DATA SECTION »
****************
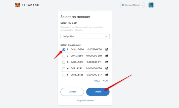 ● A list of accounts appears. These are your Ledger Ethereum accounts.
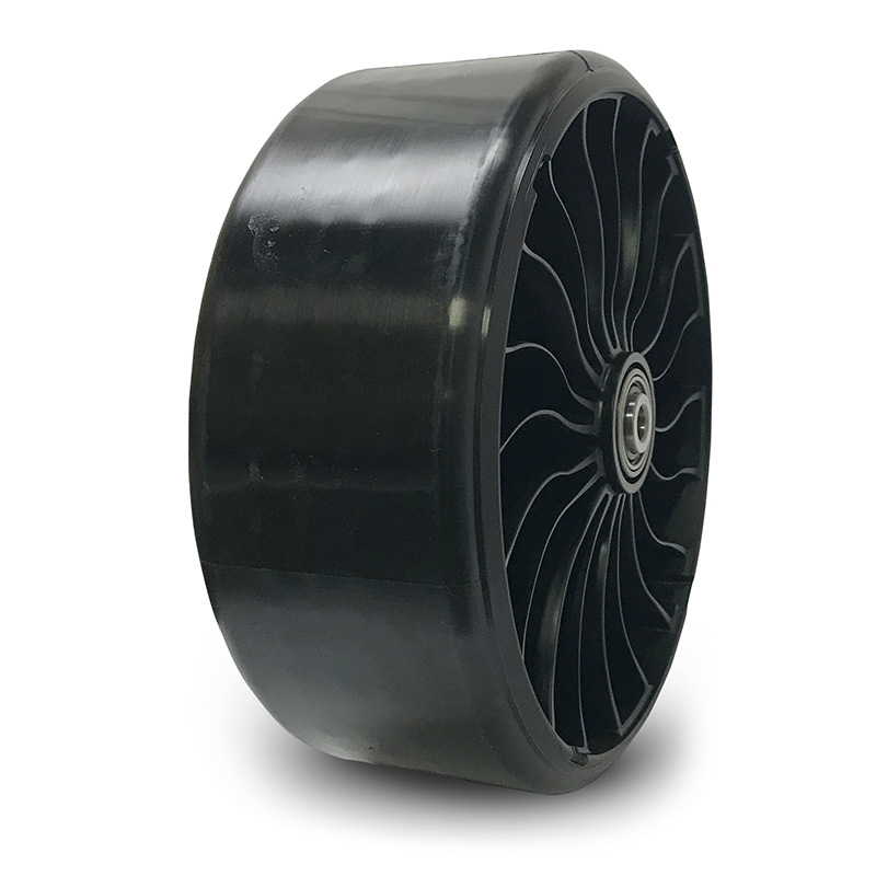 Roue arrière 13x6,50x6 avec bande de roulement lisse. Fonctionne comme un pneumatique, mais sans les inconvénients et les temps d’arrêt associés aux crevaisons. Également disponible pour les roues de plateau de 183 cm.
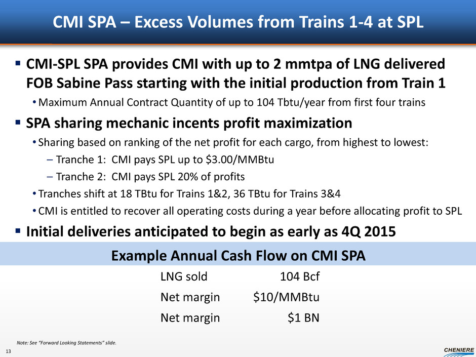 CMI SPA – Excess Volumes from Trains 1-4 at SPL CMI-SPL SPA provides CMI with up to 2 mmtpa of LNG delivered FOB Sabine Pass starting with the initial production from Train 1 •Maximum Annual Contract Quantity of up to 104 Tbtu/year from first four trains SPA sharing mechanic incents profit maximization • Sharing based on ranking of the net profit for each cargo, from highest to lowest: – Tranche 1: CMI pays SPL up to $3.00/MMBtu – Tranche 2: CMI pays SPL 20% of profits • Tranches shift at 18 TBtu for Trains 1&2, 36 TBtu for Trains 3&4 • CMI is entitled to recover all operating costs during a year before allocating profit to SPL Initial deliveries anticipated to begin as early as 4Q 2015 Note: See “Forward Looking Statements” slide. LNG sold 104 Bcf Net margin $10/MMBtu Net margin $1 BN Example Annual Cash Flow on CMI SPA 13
****************
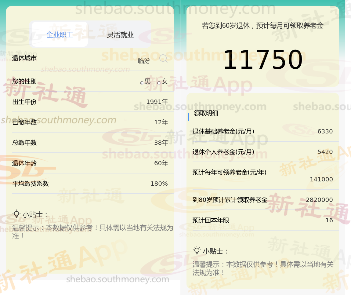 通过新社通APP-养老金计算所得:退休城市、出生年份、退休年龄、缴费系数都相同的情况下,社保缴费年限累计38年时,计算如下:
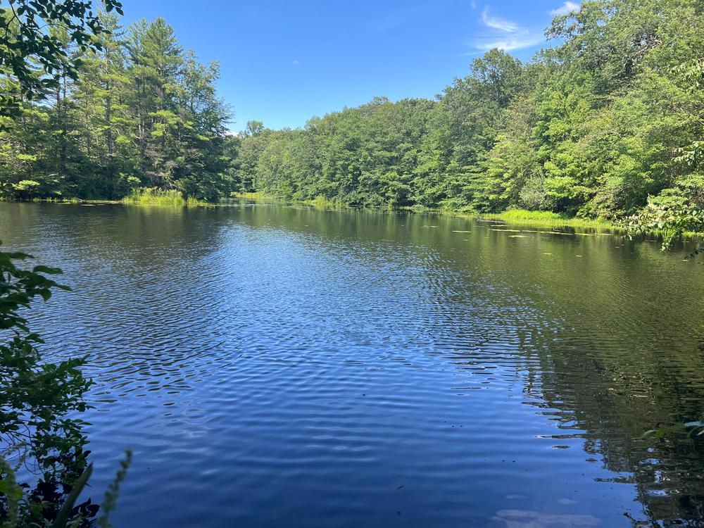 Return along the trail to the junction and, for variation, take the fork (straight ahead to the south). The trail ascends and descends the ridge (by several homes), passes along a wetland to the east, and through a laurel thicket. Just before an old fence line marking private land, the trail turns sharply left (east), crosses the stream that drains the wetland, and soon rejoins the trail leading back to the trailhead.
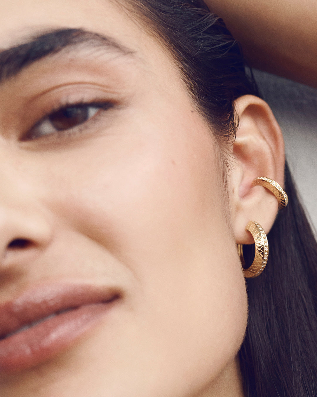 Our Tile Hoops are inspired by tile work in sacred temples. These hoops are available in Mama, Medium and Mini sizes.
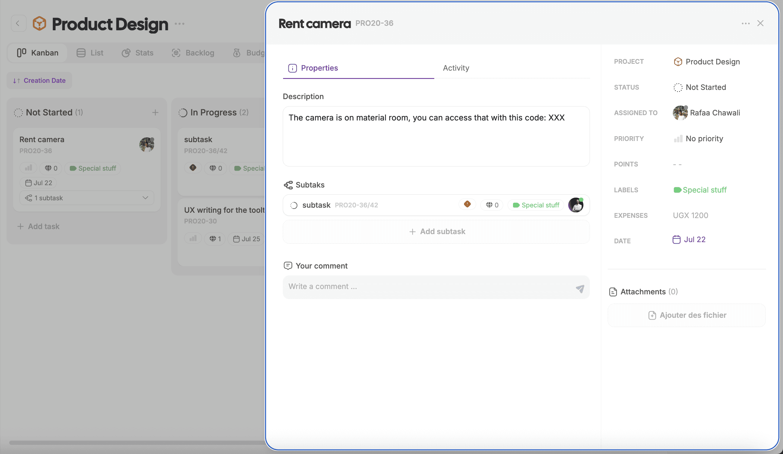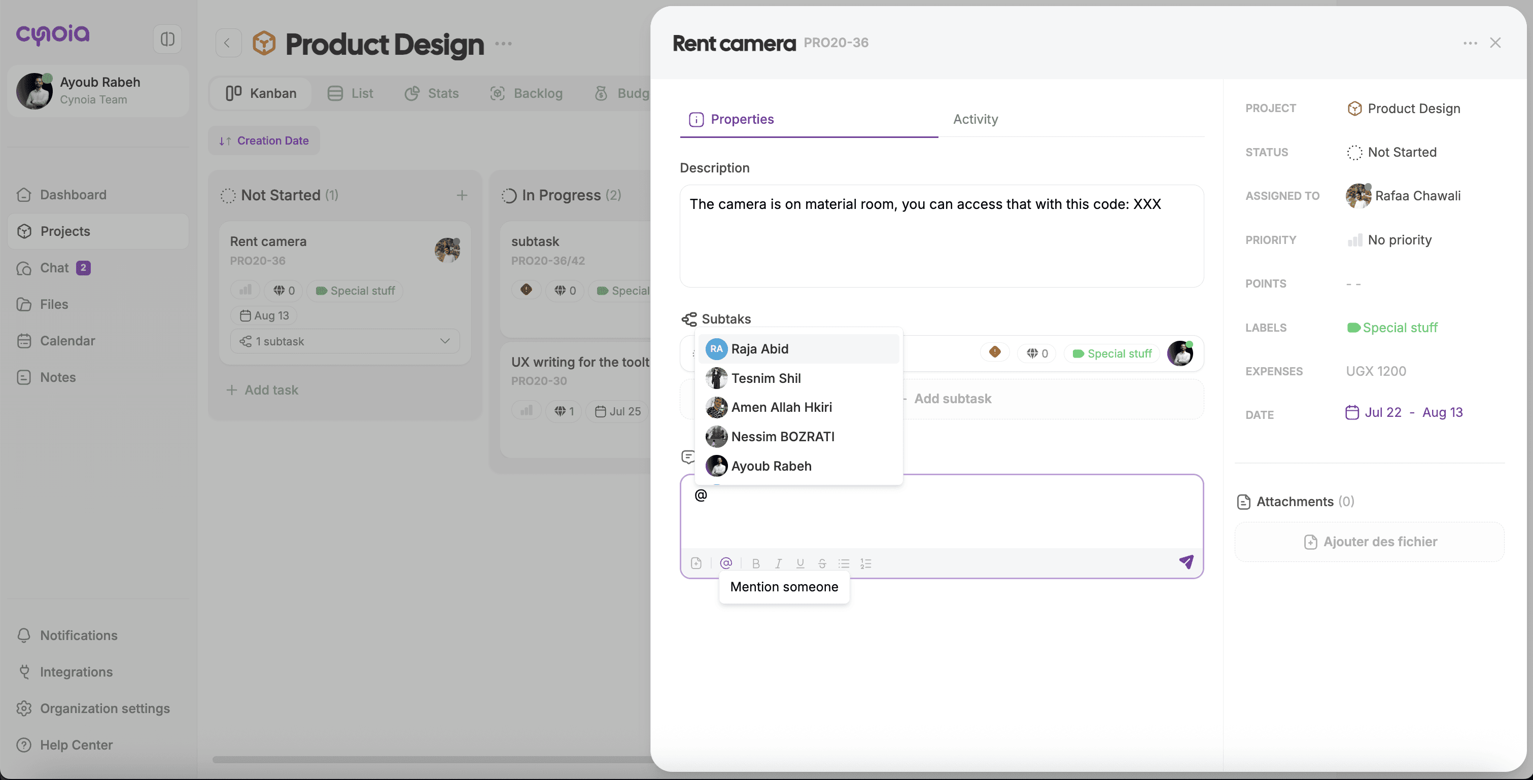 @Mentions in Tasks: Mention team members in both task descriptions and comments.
****************
ACTIVITY »
Above are the records. Copy word for word only their lines from the one holding "Ledger Ethereum accounts." through the one holding "Roue arrière 13x6,50x6", both included, and skip the images.

TASK OUTPUT »
 ● A list of accounts appears. These are your Ledger Ethereum accounts.
 Roue arrière 13x6,50x6 avec bande de roulement lisse. Fonctionne comme un pneumatique, mais sans les inconvénients et les temps d’arrêt associés aux crevaisons. Également disponible pour les roues de plateau de 183 cm.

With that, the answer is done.